Basically the code hangs out after printing Init COMPLETE. In comparison, below is the the log message running the same code but with tp_size=1

[2025-03-19 10:01:24,600] [INFO] [real_accelerator.py:222:get_accelerator] Setting ds_accelerator to cuda (auto detect)
[2025-03-19 10:01:27,152] [WARNING] [runner.py:215:fetch_hostfile] Unable to find hostfile, will proceed with training with local resources only.

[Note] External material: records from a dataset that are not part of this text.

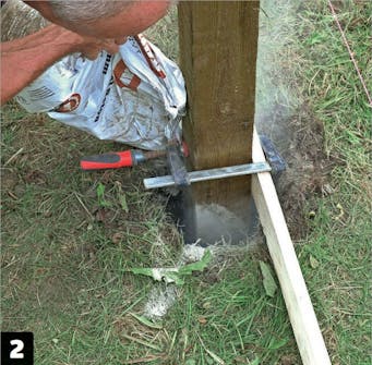 Stamp jord og beton med en lægte, så det hele pakker godt til omkring stolpen. Lad hjælpebrættet sidde, til betonen føles fast.
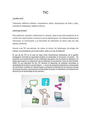 Las TIC incluyen dispositivos como televisores, teléfonos celulares, computadoras, radios y reproductores de audio y video que sirven para divertirnos, aprender, mantenernos comunicados y estar informados sobre el mundo. Gracias a las TIC, el contenido y la información están disponibles con solo hacer clic y las distancias se reducen para una comunicación más rápida. Su uso en el aula fomenta la creatividad, la innovación y un cambio en los ambientes educativos que favorecen una enseñanza didáctica y lúdic
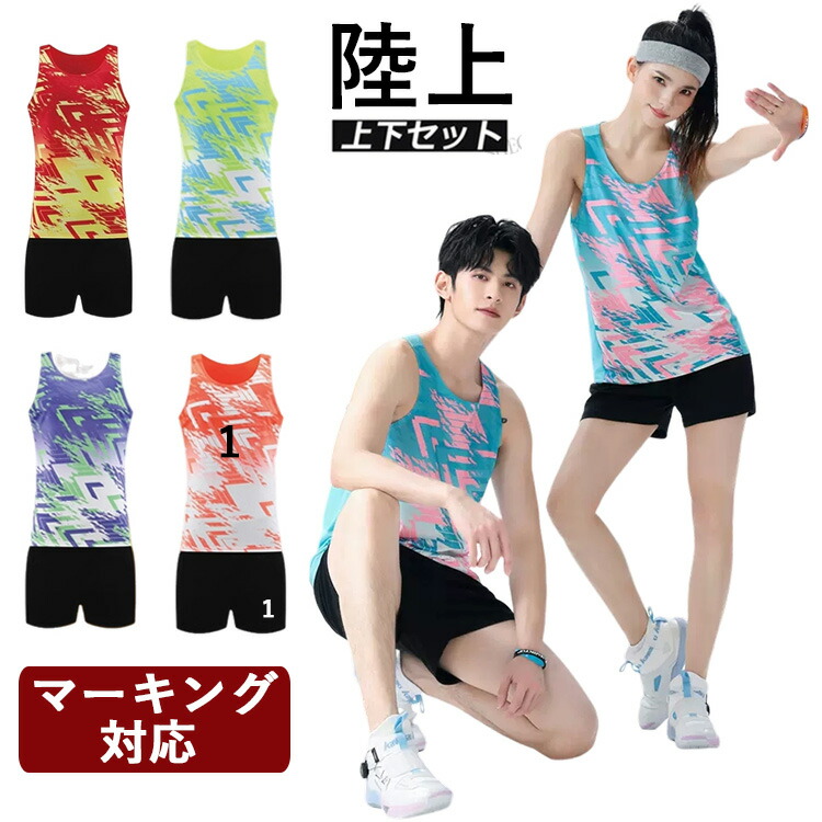 ランニング ユニフォーム 女性 陸上ウエア 男性 陸上競技 大人用 オリジナル プリント マーキングメンズ レディース 袖なし セットアップ 夏 ショートパンツ 上下セット トレーニング用服 練習着

[2025-03-19 10:01:27,152] [INFO] [runner.py:607:main] cmd = /home/<my user name>/anaconda3/envs/llm/bin/python -u -m deepspeed.launcher.launch --world_info=eyJsb2NhbGhvc3QiOiBbMCwgMV19 --master_addr=127.0.0.1 --master_port=29500 --enable_each_rank_log=None test_deepspeed.py
[2025-03-19 10:01:29,285] [INFO] [real_accelerator.py:222:get_accelerator] Setting ds_accelerator to cuda (auto detect)

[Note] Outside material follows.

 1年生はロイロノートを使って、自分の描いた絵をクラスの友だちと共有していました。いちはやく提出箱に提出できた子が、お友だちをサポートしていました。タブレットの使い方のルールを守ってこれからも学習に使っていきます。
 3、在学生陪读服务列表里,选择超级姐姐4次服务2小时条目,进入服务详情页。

[2025-03-19 10:01:31,860] [INFO] [launch.py:139:main] 0 NCCL_ASYNC_ERROR_HANDLING=1
[2025-03-19 10:01:31,860] [INFO] [launch.py:139:main] 0 NCCL_DEBUG=INFO
[2025-03-19 10:01:31,860] [INFO] [launch.py:146:main] WORLD INFO DICT: {'localhost': [0, 1]}
[2025-03-19 10:01:31,860] [INFO] [launch.py:152:main] nnodes=1, num_local_procs=2, node_rank=0
[2025-03-19 10:01:31,860] [INFO] [launch.py:163:main] global_rank_mapping=defaultdict(<class 'list'>, {'localhost': [0, 1]})
[2025-03-19 10:01:31,860] [INFO] [launch.py:164:main] dist_world_size=2
[2025-03-19 10:01:31,860] [INFO] [launch.py:168:main] Setting CUDA_VISIBLE_DEVICES=0,1
[2025-03-19 10:01:31,862] [INFO] [launch.py:256:main] process 3711589 spawned with command: ['/home/<my user name>/anaconda3/envs/llm/bin/python', '-u', 'test_deepspeed.py', '--local_rank=0']

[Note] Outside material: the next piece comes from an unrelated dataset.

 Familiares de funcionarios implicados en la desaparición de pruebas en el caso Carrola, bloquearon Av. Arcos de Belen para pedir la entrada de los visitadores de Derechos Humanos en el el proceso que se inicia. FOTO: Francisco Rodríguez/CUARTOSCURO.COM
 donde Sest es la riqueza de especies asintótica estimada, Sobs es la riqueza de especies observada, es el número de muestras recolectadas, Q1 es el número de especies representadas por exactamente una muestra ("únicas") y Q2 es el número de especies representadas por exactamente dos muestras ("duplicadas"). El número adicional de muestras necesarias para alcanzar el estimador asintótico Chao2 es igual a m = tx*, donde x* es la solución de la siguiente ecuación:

[2025-03-19 10:01:31,863] [INFO] [launch.py:256:main] process 3711590 spawned with command: ['/home/<my user name>/anaconda3/envs/llm/bin/python', '-u', 'test_deepspeed.py', '--local_rank=1']
[2025-03-19 10:01:35,736] [INFO] [real_accelerator.py:222:get_accelerator] Setting ds_accelerator to cuda (auto detect)
[2025-03-19 10:01:35,799] [INFO] [real_accelerator.py:222:get_accelerator] Setting ds_accelerator to cuda (auto detect)
[W319 10:01:37.240582657 Utils.hpp:135] Warning: Environment variable NCCL_ASYNC_ERROR_HANDLING is deprecated; use TORCH_NCCL_ASYNC_ERROR_HANDLING instead (function operator())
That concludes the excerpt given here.